No small part of me wonders if we should disallow duplicate vmcs12 EP4TAs in a
single vCPU's root cache, e.g. purge existing roots with the same pgd but
different role. INVEPT does the right thing, but that seems more coincidental
than intentional.
Practically speaking, this only affects A/D bits. Wouldn't a VMM need to flush
the EP4TA if it toggled A/D enabling in order to have deterministic behavior?
In other words, is there a real world use case for switching between EPTPs with
same EP4TAs but different properties that would see a performance hit if KVM
purged unusable cached roots with the same EP4TA?

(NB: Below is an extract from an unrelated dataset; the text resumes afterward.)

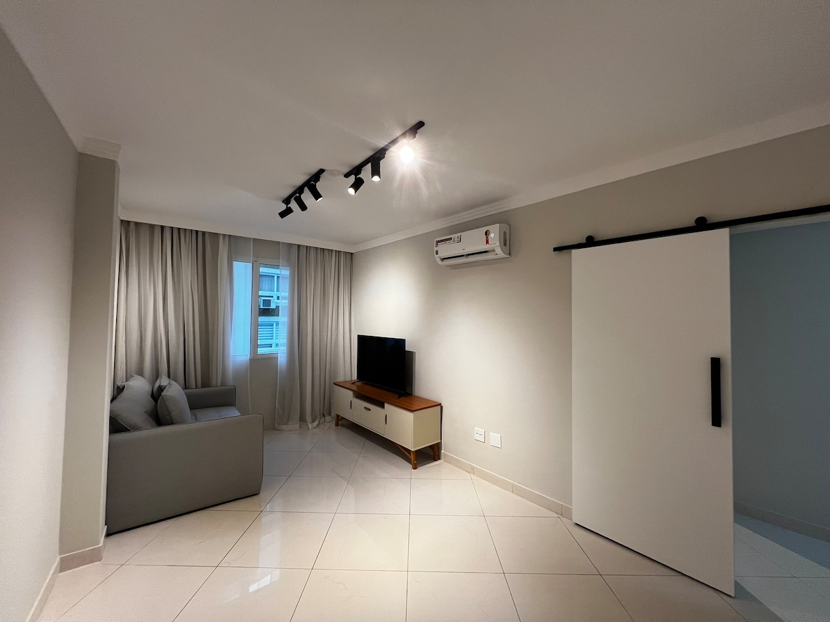 O apto está localizado no coração do Gonzaga, o bairro mais nobre e querido de Santos, há apenas 3 minutos a pé da praia e de 3 shoppings e de um comércio variado, a gastronomia é um show à parte! São 69m²: uma suíte com hidromassagem e uma sala com porta individual dando opção para segundo quarto. Conta ainda com banheiro social e uma cozinha completa! O espaço foi totalmente reformado e mobiliado, com móveis de qualidade e eletrodomésticos novos, incluindo ar-condicionado em todos ambientes.

next prev parent reply other threads:[~2021-08-09 23:33 UTC|newest]
Thread overview: 5+ messages / expand[flat|nested] mbox.gz Atom feed top
2021-08-06 22:22 [PATCH] kvm: vmx: Sync all matching EPTPs when injecting nested EPT fault Junaid Shahid
2021-08-09 23:33 ` Sean Christopherson [this message]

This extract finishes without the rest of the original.